• **Assignment**:
Set down a faithful copy of every record, and skip the pictures in it.

*** Working data ***

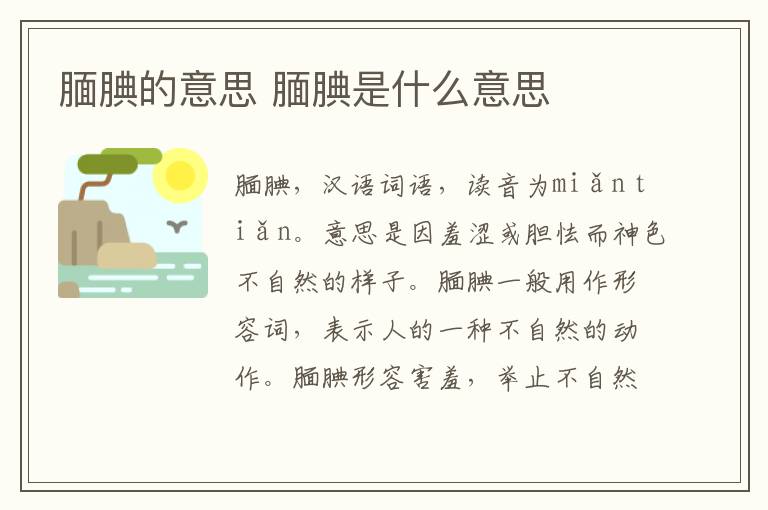 腼腆,汉语词语,读音为miǎn tiǎn。意思是因羞涩或胆怯而神色不自然的样子。腼腆一般用作形容词,表示人的一种不自然的动作。腼腆形容害羞,举止不自然或微笑,多用于易怯场的人;常见于在交流方面存在障碍或无法自正常和陌生人交流的人;为了掩饰内心的恐惧和焦虑亦会如此。
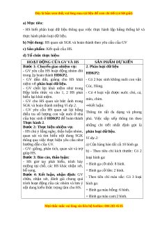 ệ heo các tiêu chí đã h c. ọ 2. Năng l c ự - Năng l c ri ự êng: + Th c ự hi n đ ệ ư c ợ vi c t ệ hu th p d ậ l ữ i u t ệ heo m c đí ụ ch và yêu c u. ầ + L a ự ch n và bi ọ u di ể n đ ễ ư c ợ d l ữ i u đã phân l ệ o i ạ vào các b ng. ả - Năng l c ự chung: Năng l c ự tư duy và l p ậ lu n ậ toán h c; ọ mô hình hóa toán h c, s ọ ử d ng công c ụ , ụ phư ng t ơ i n h ệ c t ọ oán. 3. Ph m ẩ chất - Phẩm ch t ấ : Bồi dư ng h ỡ ng t ứ hú h c ọ t p, ý t ậ h c l ứ àm vi c nhóm ệ , ý th c t ứ ìm
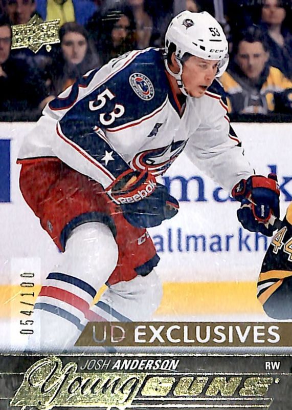 The Josh Anderson 2015 Upper Deck #217 Young Guns - UD Exclusives /100 Rookie card in Raw condition has not changed in price in the last 30 days and was last sold for $88.21 .
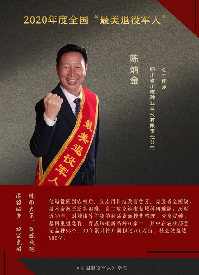 陳炳金退役回到農(nóng)村,立志用科技改變貧窮。他刻苦鉆研、虛心求教,克服資金短缺、技術(shù)資源匱乏等困難,自主攻克辣椒領(lǐng)域科研難題。經(jīng)過春在四川、冬在海南,歷時近30年對辣椒等作物種質(zhì)資源的搜集整理、分離提純、基因重組選育,育成辣椒新品種70余個,其中在農(nóng)業(yè)部登記品種56個,30年累計推廣面積達(dá)700萬畝,社會效益達(dá)500億元。他在辣椒領(lǐng)域有發(fā)明專利11項,相關(guān)育種項目獲國家科技進(jìn)步二等獎,助推我國辣椒領(lǐng)域的科技進(jìn)步。曾獲“全國勞動模范”“全國科普惠農(nóng)興村帶頭人”“全國農(nóng)村科普先進(jìn)工作者”“全國軍地兩用人才先進(jìn)個人”“全國農(nóng)村青年星火帶頭人”等稱號。
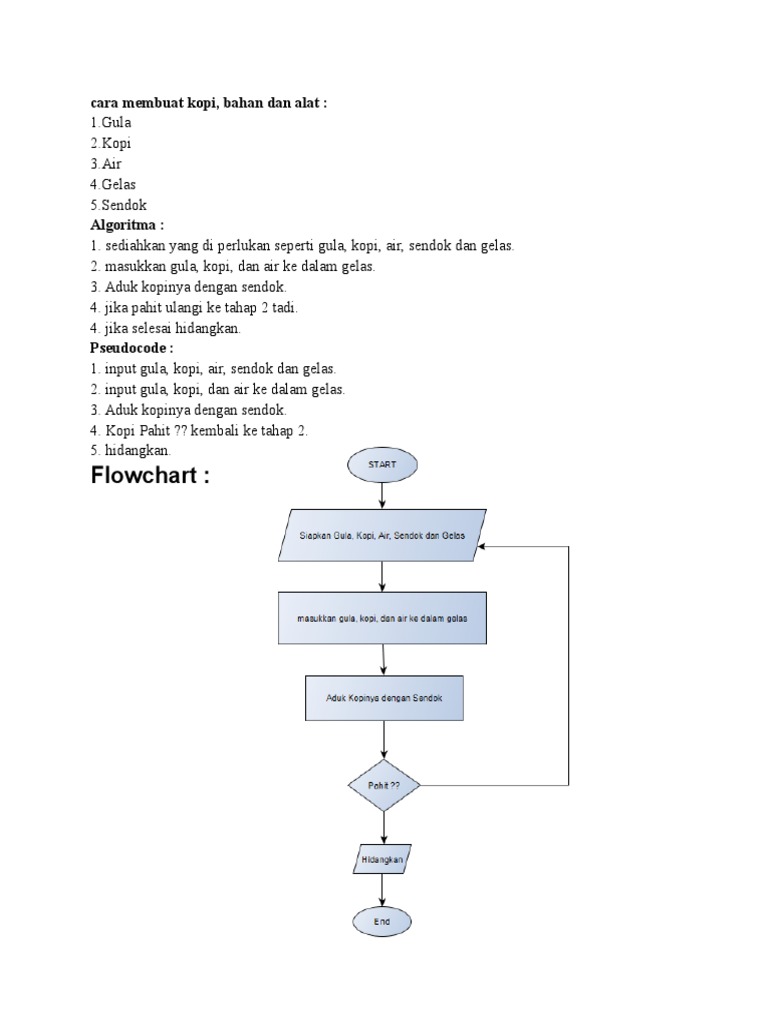 Setelah ini apakah anda tertarik untuk. Bahasa natural Deskriptif dan dengan cara diagram alir Flowchart. Buatlah algoritma membuat kopi yang rasa manis dan pahitnya pas menurut anda.
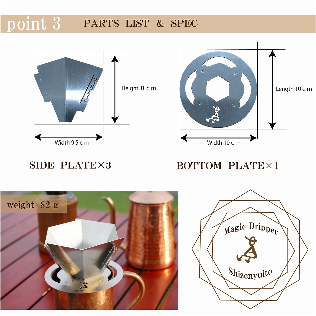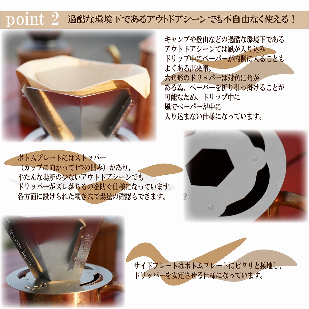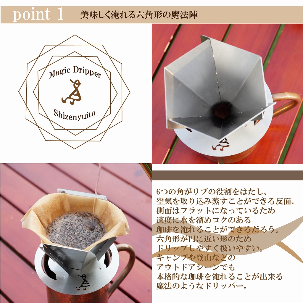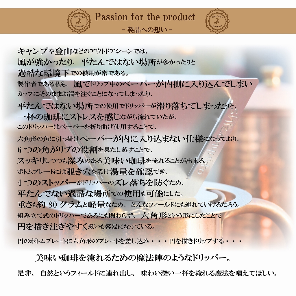オンラインショップ オンラインショップ トップページ > 自社開発製品 自然結人 > オンラインショップ Menu 0 合計 ¥ 0 現在カート内に商品はございません。 新規会員登録 ログイン 全ての商品 キャンプギア 焚き火台 鉄板 雑貨 新入荷 全ての商品 キャンプギア 焚き火台 鉄板 雑貨 新入荷 Coffee Dripper コーヒードリッパー ¥ 3,300 税込 商品コード: 関連カテゴリ 雑貨 数量 カートに入れる 商品についてのお問い合わせ 6つの角がリブの役割をはたし、空気を取り込み蒸すことができる反面、適度に水を溜めコクのある珈琲を淹れることができるだろう。六角形が円に近い形のため、ドリップしやすく扱いやすい。キャンプや登山などのアウトドシーンでも本格的な珈琲を淹れることが出来る魔法のようなドリッパー。
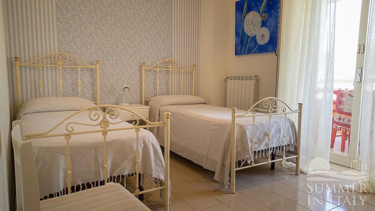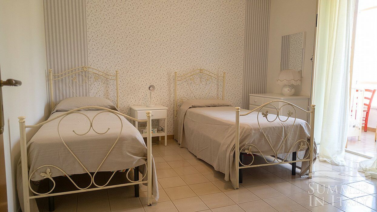 You will be able to enter the fifth bedroom from the second living room. It has two twin beds (80 cm/32 inches), that can be pushed together into a matrimonial bed if requested (please contact our staff in advance to make arrangements). The furnishings include a sofa. The room has a window, and it's equipped with an air conditioning/heating unit, and you will also find a ceiling fan. This bedroom has an en-suite bathroom, equipped with a washbasin, a toilet, a fully enclosed shower and a hairdryer. Here you will also find a washing machine.
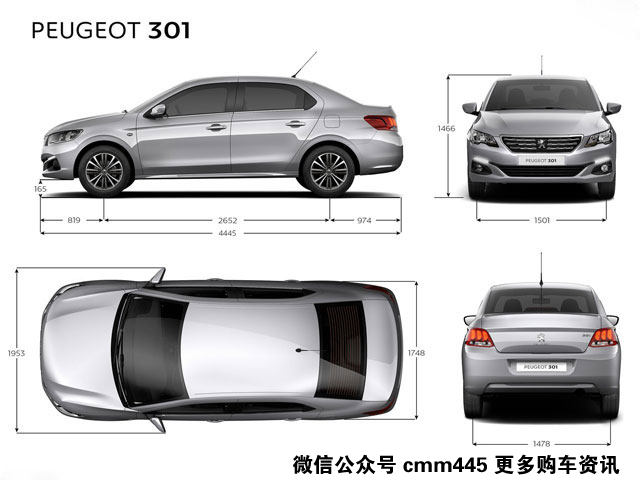 我们在官方拿到了新款标致301尺寸,与现款相比有所增加。

*** End of Working data ***

• **Finished exercise**:
 腼腆,汉语词语,读音为miǎn tiǎn。意思是因羞涩或胆怯而神色不自然的样子。腼腆一般用作形容词,表示人的一种不自然的动作。腼腆形容害羞,举止不自然或微笑,多用于易怯场的人;常见于在交流方面存在障碍或无法自正常和陌生人交流的人;为了掩饰内心的恐惧和焦虑亦会如此。
 ệ heo các tiêu chí đã h c. ọ 2. Năng l c ự - Năng l c ri ự êng: + Th c ự hi n đ ệ ư c ợ vi c t ệ hu th p d ậ l ữ i u t ệ heo m c đí ụ ch và yêu c u. ầ + L a ự ch n và bi ọ u di ể n đ ễ ư c ợ d l ữ i u đã phân l ệ o i ạ vào các b ng. ả - Năng l c ự chung: Năng l c ự tư duy và l p ậ lu n ậ toán h c; ọ mô hình hóa toán h c, s ọ ử d ng công c ụ , ụ phư ng t ơ i n h ệ c t ọ oán. 3. Ph m ẩ chất - Phẩm ch t ấ : Bồi dư ng h ỡ ng t ứ hú h c ọ t p, ý t ậ h c l ứ àm vi c nhóm ệ , ý th c t ứ ìm
 The Josh Anderson 2015 Upper Deck #217 Young Guns - UD Exclusives /100 Rookie card in Raw condition has not changed in price in the last 30 days and was last sold for $88.21 .
 陳炳金退役回到農(nóng)村,立志用科技改變貧窮。他刻苦鉆研、虛心求教,克服資金短缺、技術(shù)資源匱乏等困難,自主攻克辣椒領(lǐng)域科研難題。經(jīng)過春在四川、冬在海南,歷時近30年對辣椒等作物種質(zhì)資源的搜集整理、分離提純、基因重組選育,育成辣椒新品種70余個,其中在農(nóng)業(yè)部登記品種56個,30年累計推廣面積達(dá)700萬畝,社會效益達(dá)500億元。他在辣椒領(lǐng)域有發(fā)明專利11項,相關(guān)育種項目獲國家科技進(jìn)步二等獎,助推我國辣椒領(lǐng)域的科技進(jìn)步。曾獲“全國勞動模范”“全國科普惠農(nóng)興村帶頭人”“全國農(nóng)村科普先進(jìn)工作者”“全國軍地兩用人才先進(jìn)個人”“全國農(nóng)村青年星火帶頭人”等稱號。
 Setelah ini apakah anda tertarik untuk. Bahasa natural Deskriptif dan dengan cara diagram alir Flowchart. Buatlah algoritma membuat kopi yang rasa manis dan pahitnya pas menurut anda.
オンラインショップ オンラインショップ トップページ > 自社開発製品 自然結人 > オンラインショップ Menu 0 合計 ¥ 0 現在カート内に商品はございません。 新規会員登録 ログイン 全ての商品 キャンプギア 焚き火台 鉄板 雑貨 新入荷 全ての商品 キャンプギア 焚き火台 鉄板 雑貨 新入荷 Coffee Dripper コーヒードリッパー ¥ 3,300 税込 商品コード: 関連カテゴリ 雑貨 数量 カートに入れる 商品についてのお問い合わせ 6つの角がリブの役割をはたし、空気を取り込み蒸すことができる反面、適度に水を溜めコクのある珈琲を淹れることができるだろう。六角形が円に近い形のため、ドリップしやすく扱いやすい。キャンプや登山などのアウトドシーンでも本格的な珈琲を淹れることが出来る魔法のようなドリッパー。
 You will be able to enter the fifth bedroom from the second living room. It has two twin beds (80 cm/32 inches), that can be pushed together into a matrimonial bed if requested (please contact our staff in advance to make arrangements). The furnishings include a sofa. The room has a window, and it's equipped with an air conditioning/heating unit, and you will also find a ceiling fan. This bedroom has an en-suite bathroom, equipped with a washbasin, a toilet, a fully enclosed shower and a hairdryer. Here you will also find a washing machine.
 我们在官方拿到了新款标致301尺寸,与现款相比有所增加。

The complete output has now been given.